• [WORK INSTRUCTION]:
Using the listing below, print the line containing "- Peel the onion", the line containing "특히 팔거리 중앙에 설치된", and each line between them, exactly and nothing else. Pictures stay out of the print.

• [TASK MATERIAL]:

------------------------------------------------------------------------

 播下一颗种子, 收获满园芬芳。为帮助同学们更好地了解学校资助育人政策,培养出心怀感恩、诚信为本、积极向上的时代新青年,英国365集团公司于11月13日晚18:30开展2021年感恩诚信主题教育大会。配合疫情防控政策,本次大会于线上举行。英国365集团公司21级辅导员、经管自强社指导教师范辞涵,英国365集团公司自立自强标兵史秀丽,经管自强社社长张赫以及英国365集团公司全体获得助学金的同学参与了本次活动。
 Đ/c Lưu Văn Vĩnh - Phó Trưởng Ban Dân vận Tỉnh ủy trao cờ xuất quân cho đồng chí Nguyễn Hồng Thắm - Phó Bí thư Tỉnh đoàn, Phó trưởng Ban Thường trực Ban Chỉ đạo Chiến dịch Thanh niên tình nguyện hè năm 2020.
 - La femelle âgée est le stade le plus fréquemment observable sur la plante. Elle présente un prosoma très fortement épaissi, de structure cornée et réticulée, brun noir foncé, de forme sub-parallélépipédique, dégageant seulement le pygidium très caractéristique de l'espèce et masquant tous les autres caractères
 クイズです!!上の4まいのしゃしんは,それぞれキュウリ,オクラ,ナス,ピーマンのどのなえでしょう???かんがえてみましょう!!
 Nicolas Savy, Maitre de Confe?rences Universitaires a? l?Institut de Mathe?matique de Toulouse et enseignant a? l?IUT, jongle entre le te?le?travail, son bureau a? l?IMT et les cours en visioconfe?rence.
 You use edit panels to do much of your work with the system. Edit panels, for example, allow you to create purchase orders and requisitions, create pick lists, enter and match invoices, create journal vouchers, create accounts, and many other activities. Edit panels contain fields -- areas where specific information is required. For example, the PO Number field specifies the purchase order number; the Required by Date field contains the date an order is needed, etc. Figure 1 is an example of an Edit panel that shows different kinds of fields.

------------------------------------------------------------------------

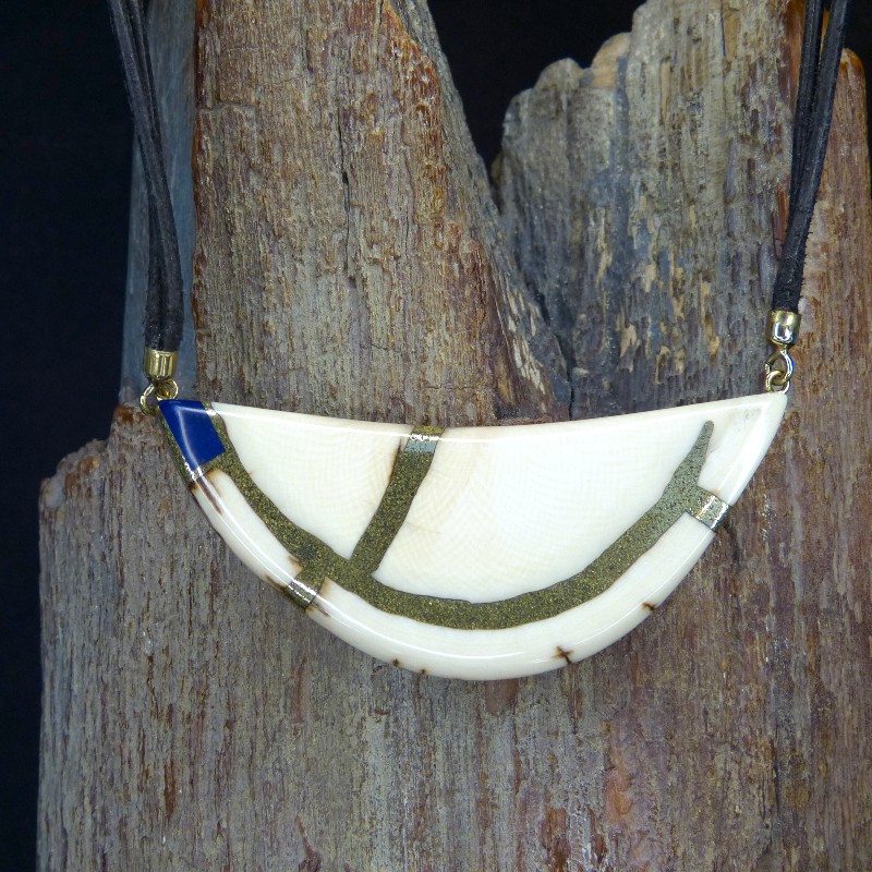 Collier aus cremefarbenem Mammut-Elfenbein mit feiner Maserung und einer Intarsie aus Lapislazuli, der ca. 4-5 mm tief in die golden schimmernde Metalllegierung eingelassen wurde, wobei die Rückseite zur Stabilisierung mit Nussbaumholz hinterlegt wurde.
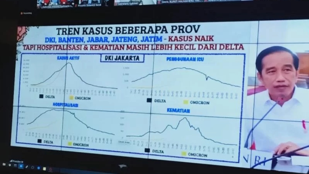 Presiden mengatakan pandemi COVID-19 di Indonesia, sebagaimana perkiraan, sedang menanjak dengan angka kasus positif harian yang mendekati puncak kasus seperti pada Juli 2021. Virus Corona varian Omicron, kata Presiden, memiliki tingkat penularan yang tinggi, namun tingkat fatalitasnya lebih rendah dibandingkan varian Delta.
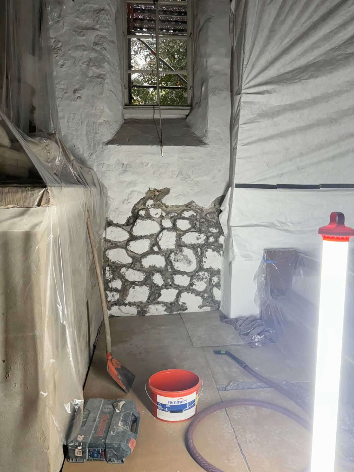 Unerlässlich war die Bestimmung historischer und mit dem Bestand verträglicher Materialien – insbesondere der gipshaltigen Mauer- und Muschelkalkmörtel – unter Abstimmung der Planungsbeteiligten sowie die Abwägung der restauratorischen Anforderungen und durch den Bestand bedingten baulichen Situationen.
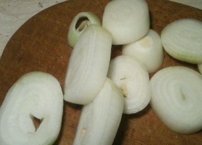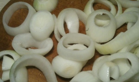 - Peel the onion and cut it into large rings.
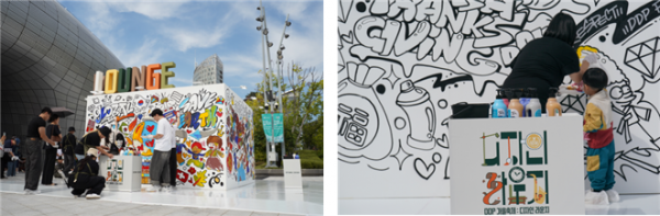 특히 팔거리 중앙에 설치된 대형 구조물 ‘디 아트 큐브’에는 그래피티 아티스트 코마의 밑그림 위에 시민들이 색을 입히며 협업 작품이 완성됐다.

------------------------------------------------------------------------

• [RESPONSE AREA]:
 - Peel the onion and cut it into large rings.
 특히 팔거리 중앙에 설치된 대형 구조물 ‘디 아트 큐브’에는 그래피티 아티스트 코마의 밑그림 위에 시민들이 색을 입히며 협업 작품이 완성됐다.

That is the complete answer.